Information provided:
▬▬▬

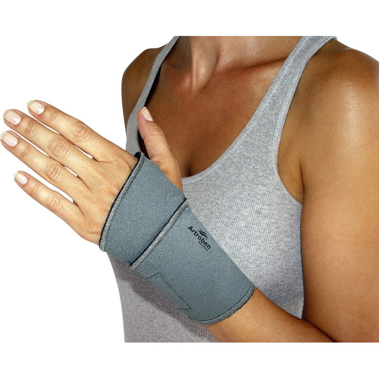 Muñequera B para tendinitis con refuerzo para pulgar Artroben. Indicada para el tratamiento de lesiones traumáticas en la muñeca y mano. Dolores reumáticos y tendinitis. Con refuerzo de pulgar. Ajustable y con cierre de velcro. Material: Grosor neopreno de 2 mm. Talla única.
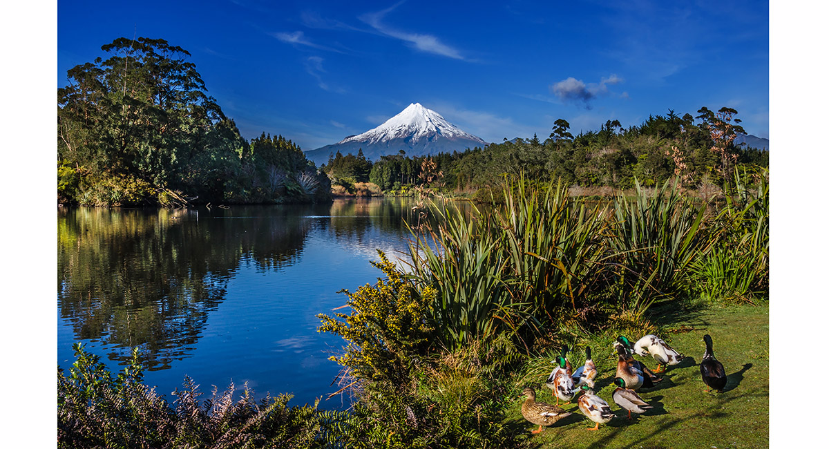 Mount Taranaki, across Lake Mangamahoe
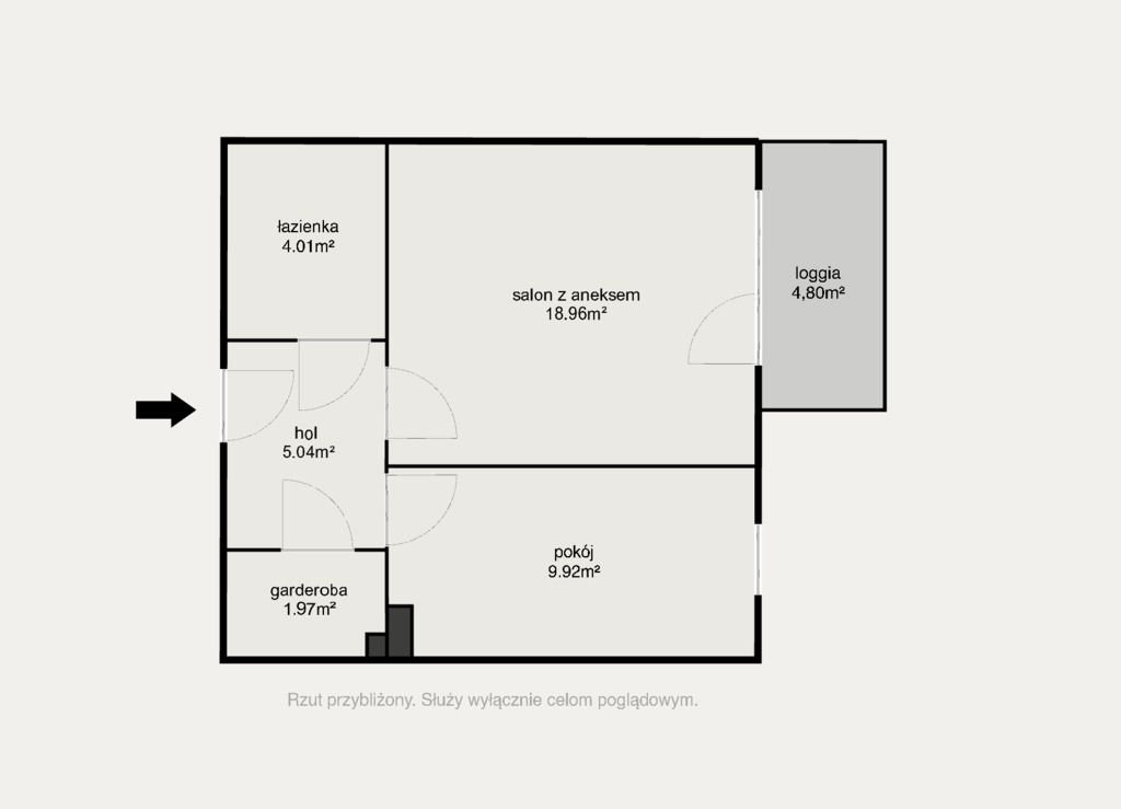 - salonu z aneksem kuchennym (18,96 m²) oraz wyjściem na dużą, przeszkloną loggię (4,80 m²) od strony wschodniej,
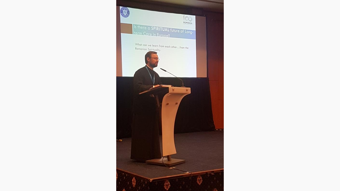 Pr. Ilarion a susținut în cea de a doua zi prezentarea cu tema „Long Term Care in Romania: Spirituality in eldery care homes” (Îngrijirea pe termen lung în România: Spiritualitatea în centrele pentru persoane vârstnice), în cadrul Secțiunii II – EU welfere state policies – can the clients see difference? (Politicile sociale ale statului privind calitatea vieții în UE).
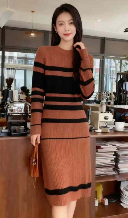 秋冬新款法式复古撞色条纹针织毛衣连衣裙,独立包装,...
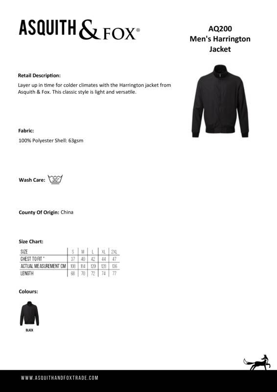 Layer up in time for colder climates with the Harrington jacket from Asquith & Fox®. This classic style is light and versatile.Classic fit Harrington style jacketElasticated ribbed knit collar, cuffs and hemFinishes just beneath the waistlineFull-zip through styleTwo side slit pocketsEmbroidery access on the lower back and left hand side of chestProduct contains no branded neck labelRemovable Kimble or looped garment tagsInner seam label holds important product information on one label with a second label containing brand information which can be cut-awayPlease note old stock may contain a fixed branded label.Accreditations: Amfori BSCIAge Group: AdultFabric: 100% PolyesterGender: MalePlus Size: NoProduct Type: JacketsSize Range: S to 2XLSizing To Fit: S 37″ M 40″ L 42″ XL 44″ 2XL 47″Tag: Cut-away inner labelWashing Instructions: Domestic wash at 30cWeight (GSM): Shell: 63gsm]]>
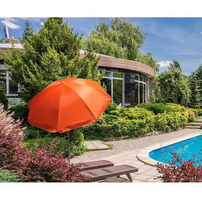 Parasol ogrodowy przyda się w ogrodzie jak i na wyprawie nad wodę. Niezastąpiony element w słoneczne dni na plaży, działce lub balkonie. Składany i pakowany w pokrowiec zajmuje niewiele miejsca. Tkanina parasola pokryta jest srebrna powłoką, która odbija promienie słoneczne i nie nagrzewa się. Stalowy stelaż i 8 żeber sprawiają, że parasol jest stabilny. Parasol rozkłada się ręcznie za pomocą suwaka.
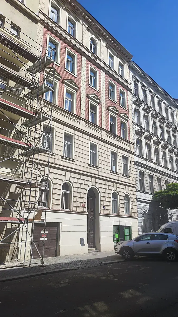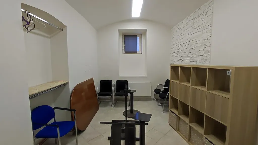 Prostory jsou situovány v 1. PP bytového domu. Nebytový prostor disponuje dvěma hlavními místnostmi, kanceláří a zasedací místností. Další jsou hygienické zázemí, které tvoří samostatná místnost s WC a umyvadlem a sprchovým koutem. Nebytový prostor je ve stavu po rekonstrukci s nízkým opotřebením. Přiložené fotografie zachycují současný stav s hlavním vstupním prostorem s odděleným zázemím pro sklad a druhou, původní, variantu s vybavením a otevřeným prostorem. Omítky štukové, dřevěné okno orientované na jih. Dveře dřevěné plné a prosklené do ocelových zárubní. Podlaha je ve všech místnostech z keramické dlažby. Vytápění - etážové, taktéž řešen ohřev TUV.
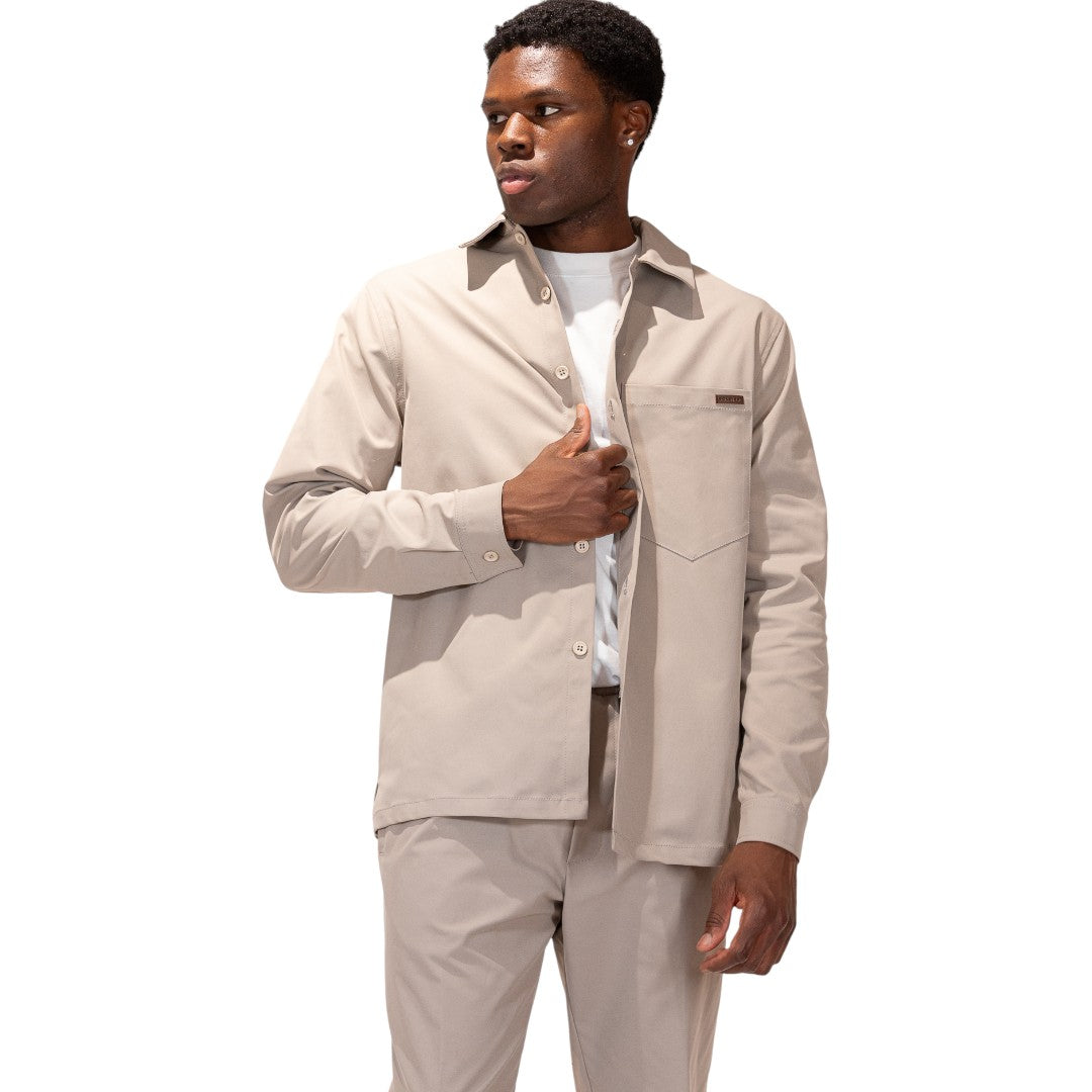 Completo composto da pantalaccio e camicia in gabardine, con una vestibilità comoda ideale per essere pronti in un attimo.
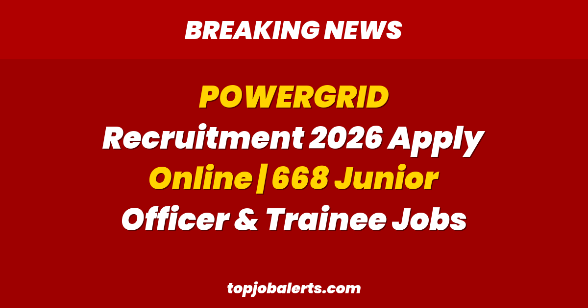 POWERGRID Recruitment 2026 కోసం ఎదురుచూస్తున్న అభ్యర్థులకు భారీ శుభవార్త. Power Grid Corporation of India Limited (POWERGRID) లో Junior Officer Trainee, Diploma Trainee, Junior Technician Trainee పోస్టుల భర్తీకి కొత్త నోటిఫికేషన్ విడుదలైంది.

▬▬▬

The task: Leaving the images out, return every record exactly.

Result:
 Muñequera B para tendinitis con refuerzo para pulgar Artroben. Indicada para el tratamiento de lesiones traumáticas en la muñeca y mano. Dolores reumáticos y tendinitis. Con refuerzo de pulgar. Ajustable y con cierre de velcro. Material: Grosor neopreno de 2 mm. Talla única.
 Mount Taranaki, across Lake Mangamahoe
 - salonu z aneksem kuchennym (18,96 m²) oraz wyjściem na dużą, przeszkloną loggię (4,80 m²) od strony wschodniej,
 Pr. Ilarion a susținut în cea de a doua zi prezentarea cu tema „Long Term Care in Romania: Spirituality in eldery care homes” (Îngrijirea pe termen lung în România: Spiritualitatea în centrele pentru persoane vârstnice), în cadrul Secțiunii II – EU welfere state policies – can the clients see difference? (Politicile sociale ale statului privind calitatea vieții în UE).
 秋冬新款法式复古撞色条纹针织毛衣连衣裙,独立包装,...
 Layer up in time for colder climates with the Harrington jacket from Asquith & Fox®. This classic style is light and versatile.Classic fit Harrington style jacketElasticated ribbed knit collar, cuffs and hemFinishes just beneath the waistlineFull-zip through styleTwo side slit pocketsEmbroidery access on the lower back and left hand side of chestProduct contains no branded neck labelRemovable Kimble or looped garment tagsInner seam label holds important product information on one label with a second label containing brand information which can be cut-awayPlease note old stock may contain a fixed branded label.Accreditations: Amfori BSCIAge Group: AdultFabric: 100% PolyesterGender: MalePlus Size: NoProduct Type: JacketsSize Range: S to 2XLSizing To Fit: S 37″ M 40″ L 42″ XL 44″ 2XL 47″Tag: Cut-away inner labelWashing Instructions: Domestic wash at 30cWeight (GSM): Shell: 63gsm]]>
 Parasol ogrodowy przyda się w ogrodzie jak i na wyprawie nad wodę. Niezastąpiony element w słoneczne dni na plaży, działce lub balkonie. Składany i pakowany w pokrowiec zajmuje niewiele miejsca. Tkanina parasola pokryta jest srebrna powłoką, która odbija promienie słoneczne i nie nagrzewa się. Stalowy stelaż i 8 żeber sprawiają, że parasol jest stabilny. Parasol rozkłada się ręcznie za pomocą suwaka.
 Prostory jsou situovány v 1. PP bytového domu. Nebytový prostor disponuje dvěma hlavními místnostmi, kanceláří a zasedací místností. Další jsou hygienické zázemí, které tvoří samostatná místnost s WC a umyvadlem a sprchovým koutem. Nebytový prostor je ve stavu po rekonstrukci s nízkým opotřebením. Přiložené fotografie zachycují současný stav s hlavním vstupním prostorem s odděleným zázemím pro sklad a druhou, původní, variantu s vybavením a otevřeným prostorem. Omítky štukové, dřevěné okno orientované na jih. Dveře dřevěné plné a prosklené do ocelových zárubní. Podlaha je ve všech místnostech z keramické dlažby. Vytápění - etážové, taktéž řešen ohřev TUV.
 Completo composto da pantalaccio e camicia in gabardine, con una vestibilità comoda ideale per essere pronti in un attimo.
 POWERGRID Recruitment 2026 కోసం ఎదురుచూస్తున్న అభ్యర్థులకు భారీ శుభవార్త. Power Grid Corporation of India Limited (POWERGRID) లో Junior Officer Trainee, Diploma Trainee, Junior Technician Trainee పోస్టుల భర్తీకి కొత్త నోటిఫికేషన్ విడుదలైంది.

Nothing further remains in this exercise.